Actually the article is even "wronger" than this, because "started A" and "switched" aren't independent and one can't simply use the product of their probability. The above example is a quick way to demonstrate it's not a general strategy without assumption to get >50% winning chance. Similarily, one can just use {P(1)=1/3, P(2)=1/3, P(3)=1/3} (this is a valid distribution over real numbers!) to demonstrate the real number strategy isn't general.

Again, for both natural number and real number case, the discussion over strategies is only meaningful is we know something about the distribution.

Interestingly, this article is wrong more or less in the same way as believing switching does give you more expected value in the original "twice money in another envelope" variation.

Edit: For people who are interested in the switching strategy, check Randomized Switching in the Two-Envelope Problem (2009). Spoiler: full of discussion over the initial distribution.


> It's very easy to demostrate as well: consider a trivia case where the distribution is just {P(1)=1/3, P(2)=1/3, P(3)=1/3} and you see 2 in the first envelope.

Seeing 2 is only one of the many possible cases. You haven’t calculated the total probability.


Sorry, but you're simply wrong. You can read the answer I gave. You can read the answer Colin Wright gave. You can trust that we both have math degrees and know what we are talking about. Or, aw heck, you can try it with an actual program at https://www.perlmonks.org/?node_id=39630. (Yes, I wrote that piece of hackery about a decade ago.)

I don't actually care how you convince yourself. But the explanation is right. If your random number is outside of the range, you've got even odds. If it is inside of the range, you've got 100% odds. As long as there is a positive probability of being between, you've got strictly better than even, by half of the probability of being between.

Many, many distributions guarantee positive odds of being in between. The one I chose for my program was:

    (log(rand) * (flip_coin() ? 10 : -10 ))
Which is the log of a random number between 0 and 1, times 10 times + or - with even odds. The various factors were chosen to fit well with normal human choices that most seek to test it with.


You're correct. I realized that I completely misunderstoond the original problem after reading McDonnell's paper more carefully.

I thought you meant the strategy can make the winning chance always >50% even after the player opens the first envelope, which isn't possible.

However you actually meant the strategy can make the expected winning chance >50% before the player opens the first envelope, for any well-defined distribution of real number, even the distribution is not known to the player, which now I realize is true.
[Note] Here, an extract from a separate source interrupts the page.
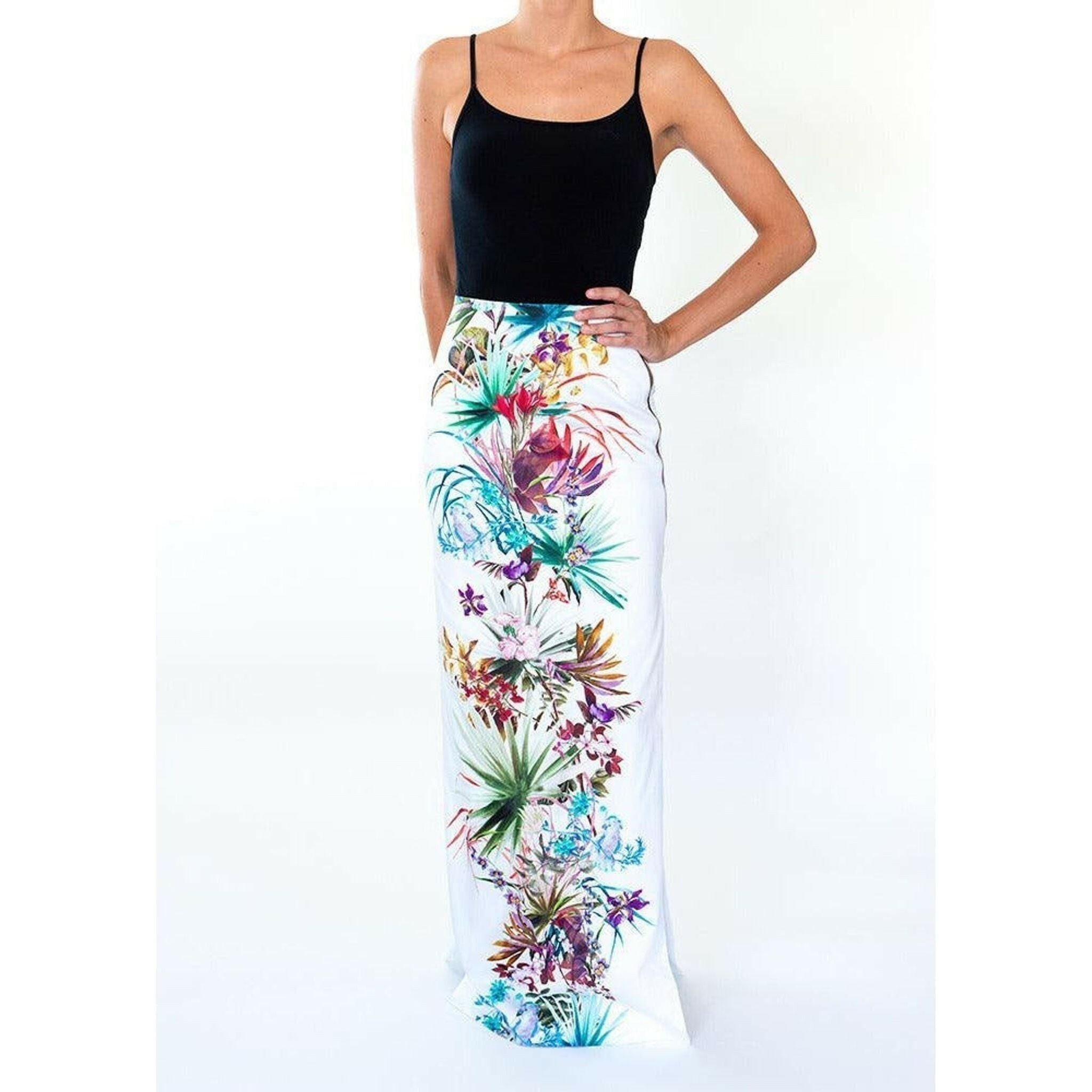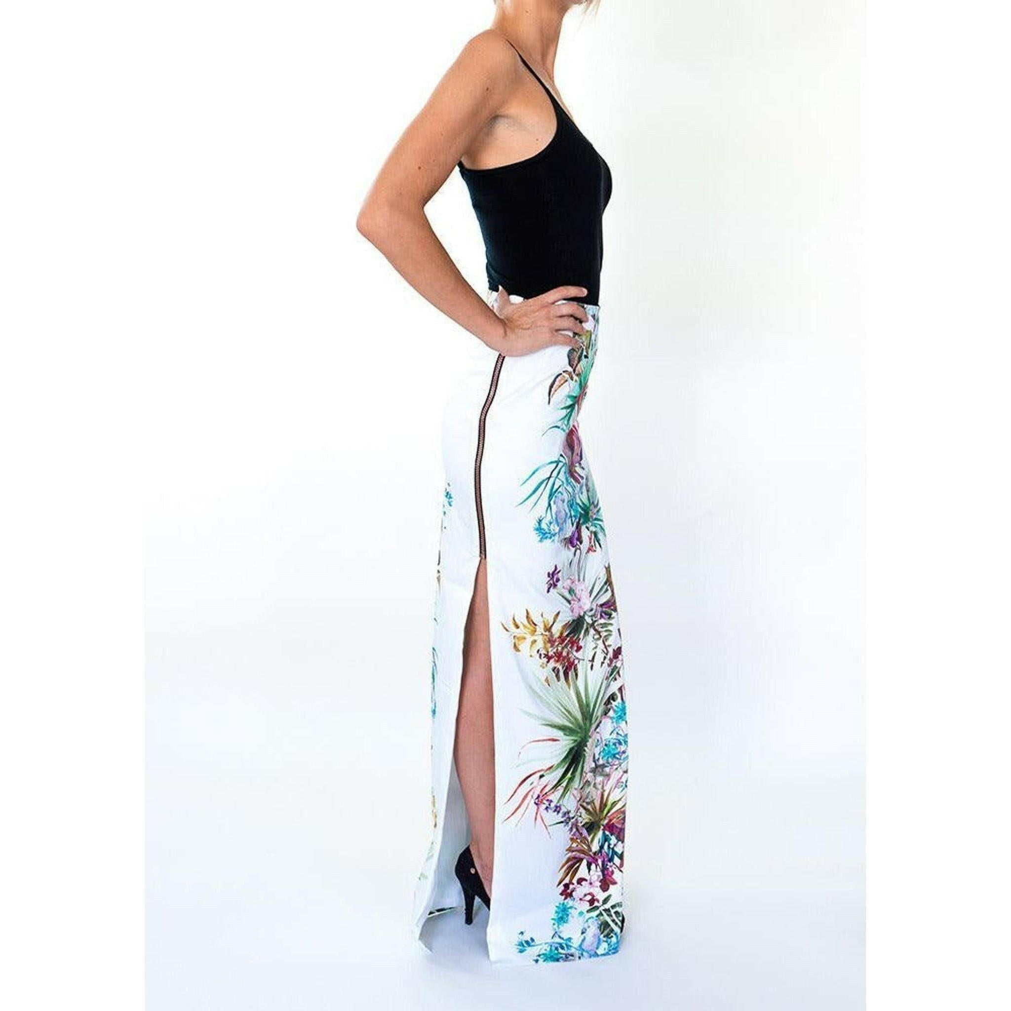 The vibrant tropical print, is connected front and back by the short zip, giving you a great toned silhouette. The right choice for a night in the spotlight.

(I haven't thought through some edge case like Cantor distribution, but now I incline to it's true not just for "many distributions". Of course for a discrete distributions, we need to specifiy the two envelopes can't have the same number. Besides that, it seems to hold true for any distribution?)


Exactly right. After you've picked the envelope, you may be nearly guaranteed to be wrong. For example both numbers are large positives and you picked the smaller. Now you're almost guaranteed to guess larger, and be wrong.

But before you pick, your odds were still bigger than 50%. Just not by much.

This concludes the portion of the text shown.